Cooke returning the Pulitzer, he adds, “was the moment that public trust gave way to cynicism. . . . Each subsequent episode tarnishes us all.”
JIMMY’S WORLD
by Janet Cooke
September 28, 1980
Jimmy is 8 years old and a third-generation heroin addict, a precocious little boy with sandy hair, velvety brown eyes and needle marks freckling the baby-smooth skin of his thin brown arms.
He nestles in a large, beige reclining chair in the living room of his comfortably furnished home in Southeast Washington. There is an almost cherubic expression on his small, round face as he talks about life—clothes, money, the Baltimore Orioles and heroin. He has been an addict since the age of 5.
His hands are clasped behind his head, fancy running shoes adorn his feet, and a striped Izod T-shirt hangs over his thin frame. “Bad, ain’t it,” he boasts to a reporter visiting recently. “I got me six of these.”
Jimmy’s is a world of hard drugs, fast money and the good life he believes both can bring. Every day, junkies casually buy heroin from Ron, his mother’s live-in-lover, in the dining room of Jimmy’s home. They “cook” it in the kitchen and “fire up” in the bedrooms. And every day, Ron or someone else fires up Jimmy, plunging a needle into his bony arm, sending the fourth grader into a hypnotic nod.

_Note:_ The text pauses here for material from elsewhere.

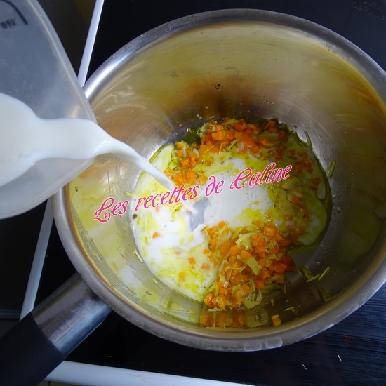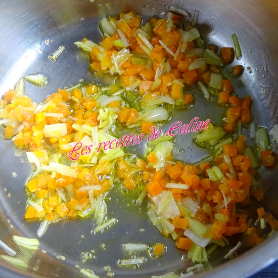 Faites revenir le poireau et la carotte dans une casserole avec 1 cuil à soupe d’huile d’olive .
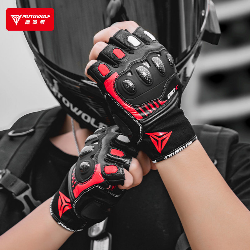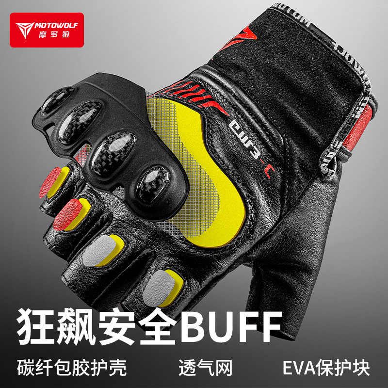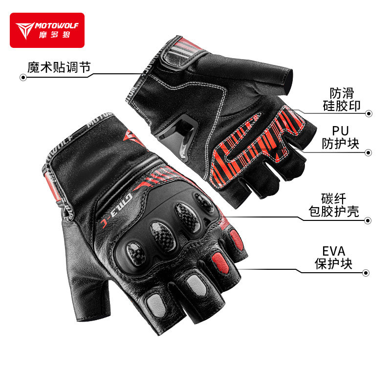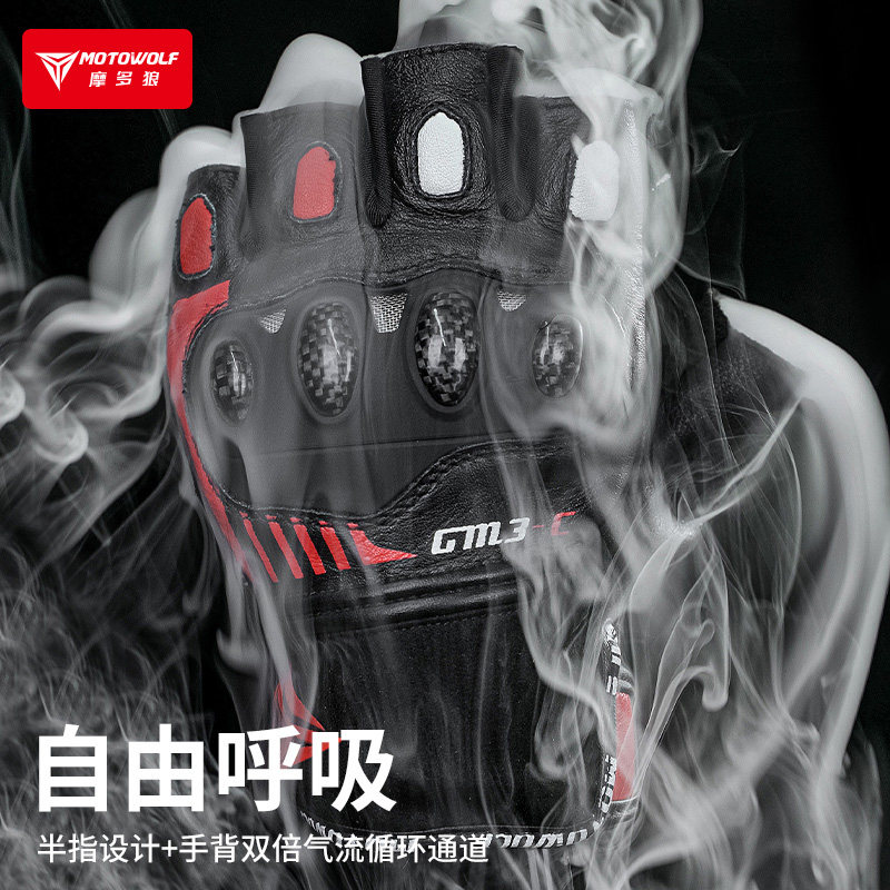 摩多狼半指手套夏季摩托车透气电动车机车骑行装备真皮碳纤维四季

Jimmy prefers this atmosphere to school, where only one subject seems relevant to fulfilling his dreams. “I want to have me a bad car and dress good and also have me a good place to live,” he says. “So, I pretty much pay attention to math because I know I got to keep up when I finally get me something to sell.”
Jimmy wants to sell drugs, maybe even on the District’s meanest street, Condon Terrace SE, and some day deal heroin, he says, “just like my man Ron.”
Ron, 27, and recently up from the South, was the one who first turned Jimmy on.”He’d be buggin’ me all the time about what the shots were and what people was doin’ and one day he said, ‘When can I get off?’” Ron says, leaning against a wall in a narcotic haze, his eyes half closed, yet piercing. “I said, ‘Well, s—-, you can have some now.’ I let him snort a little and, damn, the little dude really did get off.”
Six months later, Jimmy was hooked. “I felt like I was part of what was goin’ down,” he says. “I can’t really tell you how it feel. You never done any? Sort of like them rides at King’s Dominion . . . like if you was to go on all of them in one day.
“It be real different from herb (marijuana). That’s baby s—-. Don’t nobody here hardly ever smoke no herb. You can’t hardly get none right now anyway.”
Jimmy’s mother Andrea accepts her son’s habit as a fact of life, although she will not inject the child herself and does not like to see others do it.
“I don’t really like to see him fire up,” she says. “But, you know, I think he would have got into it one day, anyway. Everybody does. When you live in the ghetto, it’s all a matter of survival. If he wants to get away from it when he’s older, then that’s his thing. But right now, things are better for us than they’ve ever been. . . . Drugs and black folk been together for a very long time.”